Chad Hart, ISU Extension Grain Marketing Economist, provides a summary of the latest USDA reports.

Hart_Chad-thumbFarmers provided their first outlook on the 2015 crop year with the release of USDA’s Prospective Plantings report. And the general shift is along the lines that the market expected. Corn planting intentions came in at 89.2 million acres. That’s 200,000 acres more than USDA’s early estimate and a half of million acres more than the average trade guess, but it’s still 1.4 million acres less than was planted last year. Illinois, Indiana, and Iowa all reduced corn intentions slightly, but there are offsetting increases on the fringes of the Corn Belt. The largest moves are in Minnesota, up 300,000 acres, and South Dakota, down 600,000 acres. Soybean planting intentions are at a record 84.6 million acres. That is well above USDA’s early estimate of 83.5 million acres, but below the average trade guess at 85.9 million acres. The I-states all increased soybean intentions, with Iowa topping 10 million acres. The big movers are Nebraska, down 300,000 acres, and Ohio, up 250,000 acres. Given USDA’s trend yields, the acreage numbers imply expected crops of 13.625 billion bushels for corn and 3.85 billion bushels of soybeans.
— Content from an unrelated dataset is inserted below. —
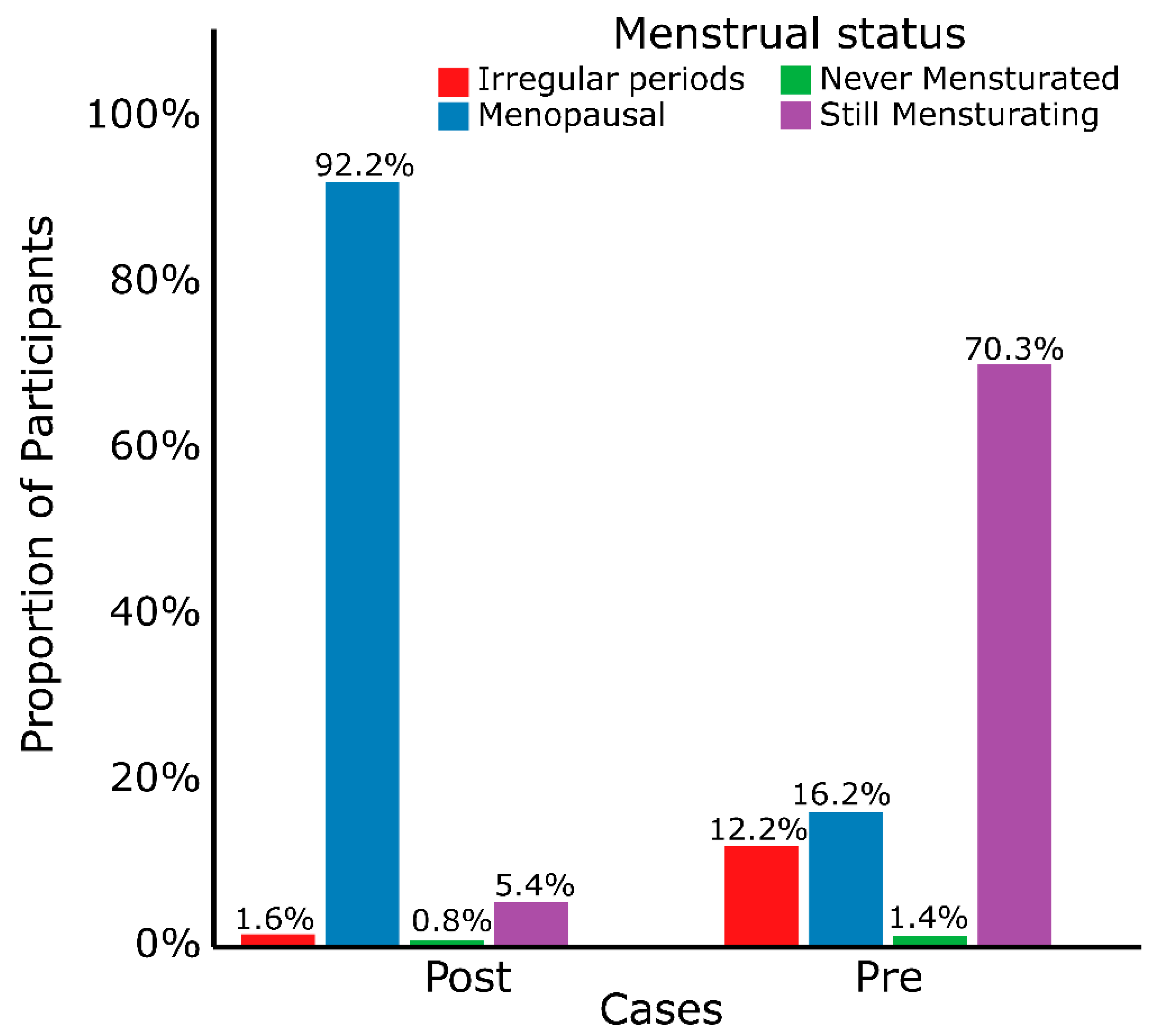 | Reproductive Factors | N | Overall N = 262 1 | Post N = 172 1 | Pre N = 90 1 | p-Value 2 | EOBC N = 39 1 | LOBC N = 223 1 | p-Value 2 |

These projected large crops are coming on top of last year’s record crops. The Grain Stocks report was also released today and it showed more crop still sitting in storage. Soybean stocks came in at 1.33 billion bushels, up 34 percent from last year, even though disappearance was slightly higher. Corn stocks stand 7.74 billion bushels, up 11 percent from last year, as disappearance was basically flat. The main punchline from today’s reports is that supplies continue to build and while demand is growing, it will take a while to work through the expected production. Prices have lowered to reflect this and these reports don’t change that dynamic.